> It argued that large language models (LLMs) generate text by statistically predicting likely sequences of words rather than understanding what they are saying—a process the authors captured with the metaphor of a “stochastic parrot,” a system that repeats patterns without comprehension.
I don't understand what we're setting the record straight on. This is the core point of dispute, and the author just blazes past it to focus on other things. I'm glad to hear "stochastic parrot" isn't intended as an insult, and I agree that it's not right to think of LLMs as a box with a little homunculus inside replying to you. But to me it seems obvious that LLMs are not repeating patterns without comprehension and do understand what they are saying; otherwise they would not be capable of doing things they routinely do.
> But to me it seems obvious that LLMs are not repeating patterns without comprehension and do understand what they are saying; otherwise they would not be capable of doing things they routinely do.
So this seems obvious to you, and yet to many others, it is equally obvious that LLMs can/could do the things they routinely do without any meaningful sense of "understanding".
> But to me it seems obvious that LLMs are not repeating patterns without comprehension and do understand what they are saying; otherwise they would not be capable of doing things they routinely do.

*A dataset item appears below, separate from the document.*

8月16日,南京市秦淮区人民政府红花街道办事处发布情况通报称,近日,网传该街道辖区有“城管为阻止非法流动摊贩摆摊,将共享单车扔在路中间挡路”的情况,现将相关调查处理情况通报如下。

Is it possible you're making the following error described in the article?
> The fact that these systems are designed to mimic the way we use language makes it very easy for people to mistake them for other people.

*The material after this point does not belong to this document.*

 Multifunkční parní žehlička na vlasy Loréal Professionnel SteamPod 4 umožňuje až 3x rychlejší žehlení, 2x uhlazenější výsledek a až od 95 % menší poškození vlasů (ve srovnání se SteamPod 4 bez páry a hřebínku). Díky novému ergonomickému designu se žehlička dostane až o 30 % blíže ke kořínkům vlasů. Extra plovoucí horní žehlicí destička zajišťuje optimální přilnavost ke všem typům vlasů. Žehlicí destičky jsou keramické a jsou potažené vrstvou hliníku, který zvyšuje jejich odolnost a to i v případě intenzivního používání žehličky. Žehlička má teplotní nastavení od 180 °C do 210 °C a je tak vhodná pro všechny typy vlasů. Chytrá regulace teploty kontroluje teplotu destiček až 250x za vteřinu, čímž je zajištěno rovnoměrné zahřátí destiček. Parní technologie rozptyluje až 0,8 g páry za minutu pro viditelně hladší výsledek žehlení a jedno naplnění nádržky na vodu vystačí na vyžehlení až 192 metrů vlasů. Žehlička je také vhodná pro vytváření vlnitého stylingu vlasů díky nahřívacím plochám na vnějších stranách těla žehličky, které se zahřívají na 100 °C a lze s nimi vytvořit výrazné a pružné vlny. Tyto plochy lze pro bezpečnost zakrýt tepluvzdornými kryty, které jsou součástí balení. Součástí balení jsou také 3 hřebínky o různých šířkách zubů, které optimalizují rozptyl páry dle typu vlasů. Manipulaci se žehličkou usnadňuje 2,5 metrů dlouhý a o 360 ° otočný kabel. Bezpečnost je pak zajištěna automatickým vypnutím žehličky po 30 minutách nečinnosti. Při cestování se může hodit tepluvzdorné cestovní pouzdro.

Clearly you don't believe it's actually a person ("it's not right to think of LLMs as a box with a little homunculus inside replying to you"), but you do believe it's doing something a little bit magical. Is it possible that because the interface is linguistic, and every other thing in your world that communicates with language is intelligent, that you're projecting something that just isn't there onto the situation?

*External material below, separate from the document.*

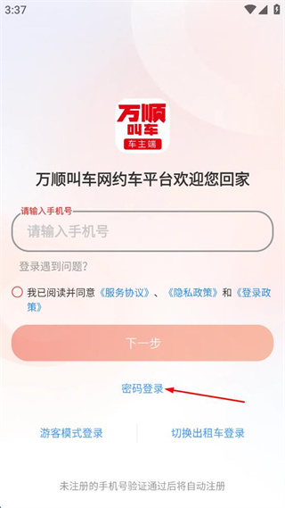 2、进入欢迎页面后,找到密码登录选项,点击该选项进入密码登录的操作界面。

I'm sorry if this line of questioning is a little invasive. But this is literally the "danger" the original paper talks about, and it seems an awful lot like you've fallen for it.
But it shouldn't even be contentious like that. It's not a fundamental mystery how these things work. It is for the most part not a valid target for the kind of speculation you seem to want to do about it.
It's not like you can be agnostic, or measured about this. It's like someone explaining a car to you, saying, "look here is where you put the fuel, here is where it ignites, where the axels are turned..." And you, trying to be measured, are like "hm well yes of course that all is clearly important, but there is clearly just a bit of magic here somewhere, between all the different 'parts'."
This is a facile point. Lisp expert systems transparently don't understand the meaning of any symbols they process, yet with enough developer elbow grease they can do all the same things an LLM can do, with much higher reliability. The fact that LLMs are less transparent than Lisp expert systems (and easier to program) is extremely bad evidence that they understand language. Especially given that AFAICT Opus does not properly understand concepts like "four."
I think it’s pretty clear that they are repeating without “comprehension” - both mechanistically (as in there is no facility for comprehension in their formulation) and in the ways they fail. The standard rs in strawberry, should I walk or drive to the car wash, etc all play on the fact that they don’t have any real world model or thoughts against which they can judge their output, as do many of the jailbreaks which basically play on the fact that the model has memorized patterns.
There are people who argue semantics, that we can call the pattern matching that LLMs do “understanding”, or the moronic “how do we know that’s isn’t all we do” but for the normal use of comprehension, LLMs at a fundamental level don’t.